- [The data]:
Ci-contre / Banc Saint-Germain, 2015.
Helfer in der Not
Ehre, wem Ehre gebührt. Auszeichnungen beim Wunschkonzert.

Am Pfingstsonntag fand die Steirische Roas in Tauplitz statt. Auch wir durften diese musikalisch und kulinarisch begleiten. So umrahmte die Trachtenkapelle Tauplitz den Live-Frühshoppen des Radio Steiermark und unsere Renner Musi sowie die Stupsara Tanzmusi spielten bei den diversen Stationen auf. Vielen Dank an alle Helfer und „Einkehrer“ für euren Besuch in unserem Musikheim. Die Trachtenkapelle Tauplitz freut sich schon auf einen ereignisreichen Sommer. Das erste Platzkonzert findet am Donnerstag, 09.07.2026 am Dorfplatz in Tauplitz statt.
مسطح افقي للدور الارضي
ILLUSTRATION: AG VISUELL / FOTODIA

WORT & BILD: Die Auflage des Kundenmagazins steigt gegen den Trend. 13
...
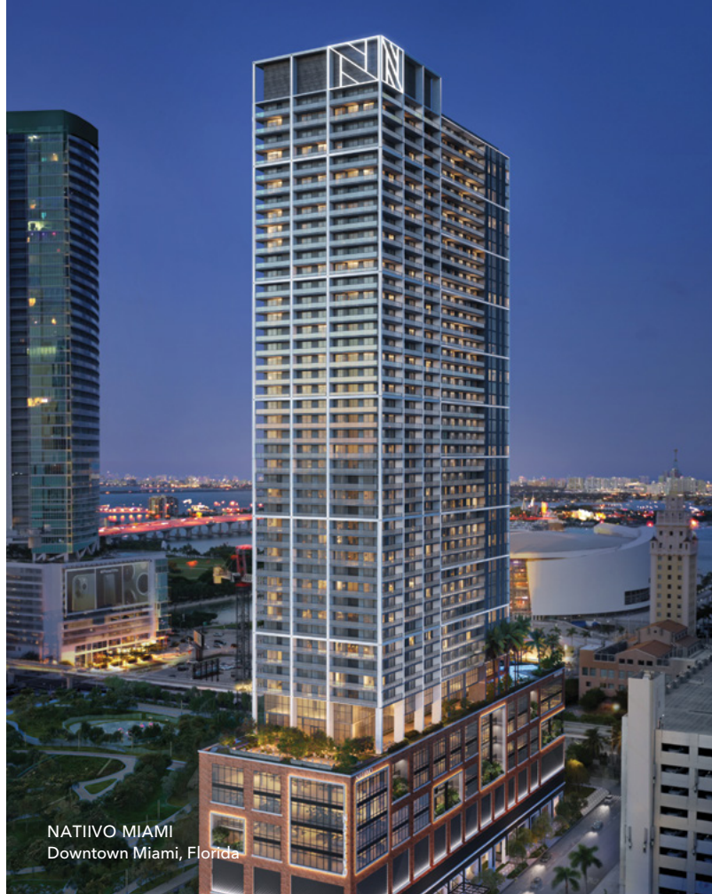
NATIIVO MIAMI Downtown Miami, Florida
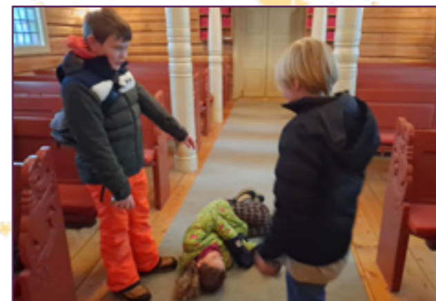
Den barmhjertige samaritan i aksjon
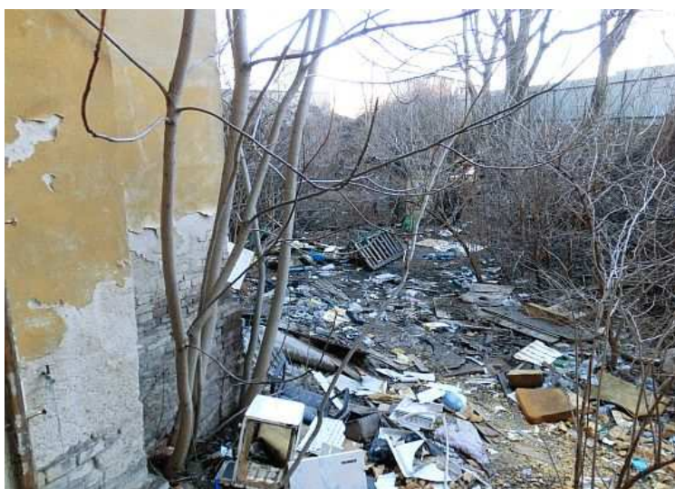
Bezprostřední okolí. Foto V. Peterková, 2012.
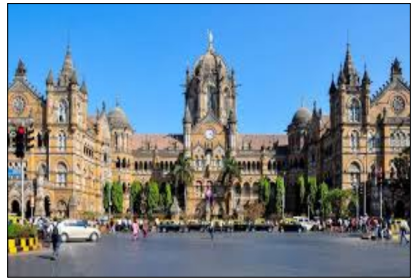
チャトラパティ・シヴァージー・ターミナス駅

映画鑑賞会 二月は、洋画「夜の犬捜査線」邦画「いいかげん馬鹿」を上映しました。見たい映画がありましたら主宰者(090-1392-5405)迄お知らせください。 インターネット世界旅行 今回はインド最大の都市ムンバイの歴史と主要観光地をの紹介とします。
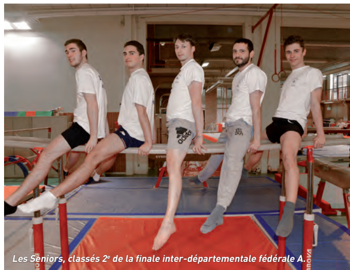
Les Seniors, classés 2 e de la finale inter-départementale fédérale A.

- [What you should do]:
The lines to set down run from the line with "Den barmhjertige samaritan i aksjon" up to and including the line with "Les Seniors, classés" in the entries above. Reproduce them exactly, with no pictures.

- [Result]:
Den barmhjertige samaritan i aksjon
Bezprostřední okolí. Foto V. Peterková, 2012.
チャトラパティ・シヴァージー・ターミナス駅

映画鑑賞会 二月は、洋画「夜の犬捜査線」邦画「いいかげん馬鹿」を上映しました。見たい映画がありましたら主宰者(090-1392-5405)迄お知らせください。 インターネット世界旅行 今回はインド最大の都市ムンバイの歴史と主要観光地をの紹介とします。
Les Seniors, classés 2 e de la finale inter-départementale fédérale A.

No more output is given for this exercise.